Copy exactly, beginning with the line holding "Цель работы заключается" and ending with the final line of the data beneath this task; copy nothing else, and leave out every picture.

**Data section:**
※

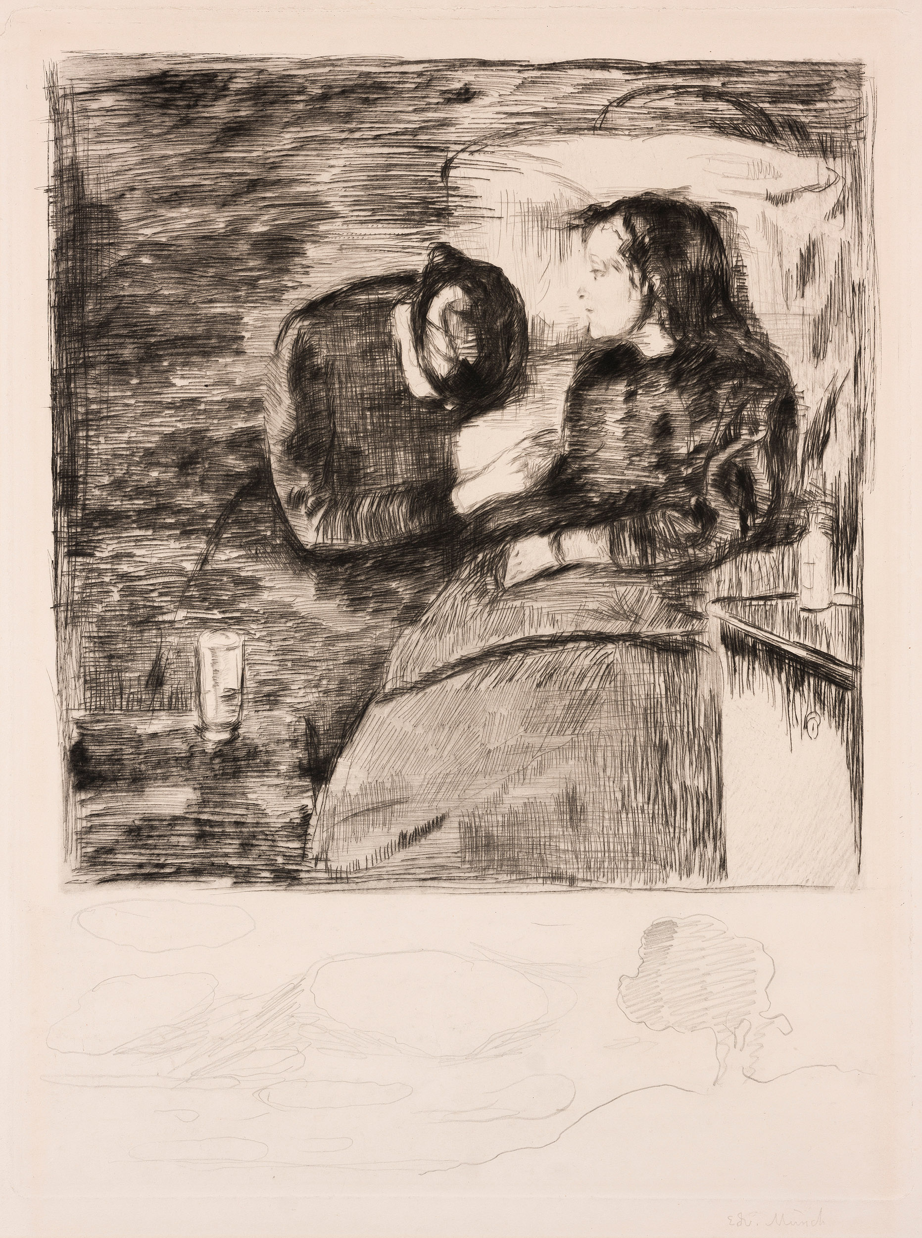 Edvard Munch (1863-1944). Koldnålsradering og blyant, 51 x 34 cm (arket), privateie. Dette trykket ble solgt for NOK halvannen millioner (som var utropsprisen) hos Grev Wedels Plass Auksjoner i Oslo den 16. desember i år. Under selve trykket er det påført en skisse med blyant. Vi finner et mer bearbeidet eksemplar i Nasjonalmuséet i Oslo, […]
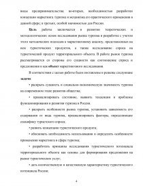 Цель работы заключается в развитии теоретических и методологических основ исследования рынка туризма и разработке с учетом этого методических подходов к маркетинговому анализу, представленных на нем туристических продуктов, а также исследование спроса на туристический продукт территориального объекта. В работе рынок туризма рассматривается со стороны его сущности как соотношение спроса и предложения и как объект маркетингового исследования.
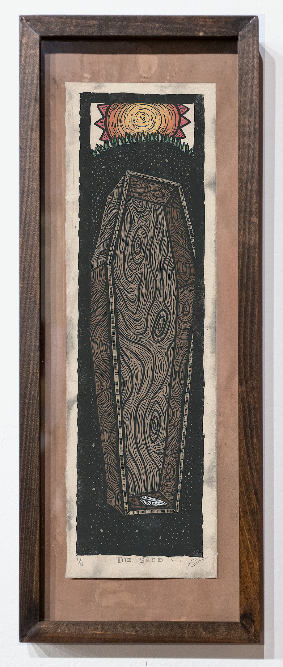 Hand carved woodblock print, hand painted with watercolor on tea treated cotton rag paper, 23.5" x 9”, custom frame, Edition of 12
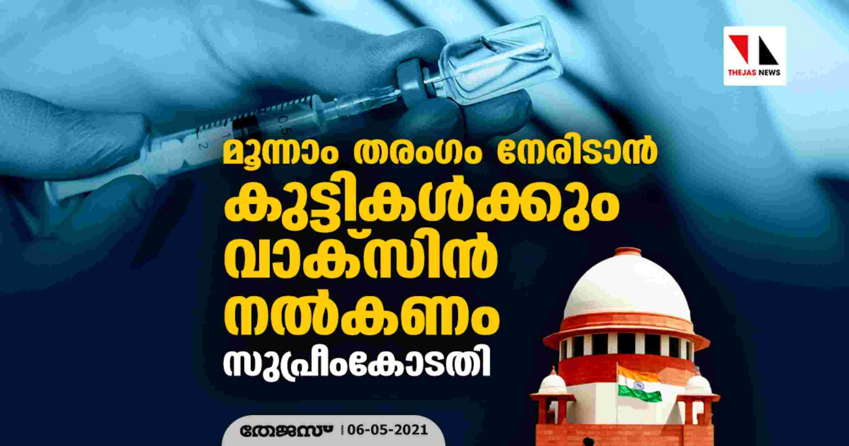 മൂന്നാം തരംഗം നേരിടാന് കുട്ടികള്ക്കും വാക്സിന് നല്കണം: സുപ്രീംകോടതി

※

**Final answer:**
 Цель работы заключается в развитии теоретических и методологических основ исследования рынка туризма и разработке с учетом этого методических подходов к маркетинговому анализу, представленных на нем туристических продуктов, а также исследование спроса на туристический продукт территориального объекта. В работе рынок туризма рассматривается со стороны его сущности как соотношение спроса и предложения и как объект маркетингового исследования.
 Hand carved woodblock print, hand painted with watercolor on tea treated cotton rag paper, 23.5" x 9”, custom frame, Edition of 12
 മൂന്നാം തരംഗം നേരിടാന് കുട്ടികള്ക്കും വാക്സിന് നല്കണം: സുപ്രീംകോടതി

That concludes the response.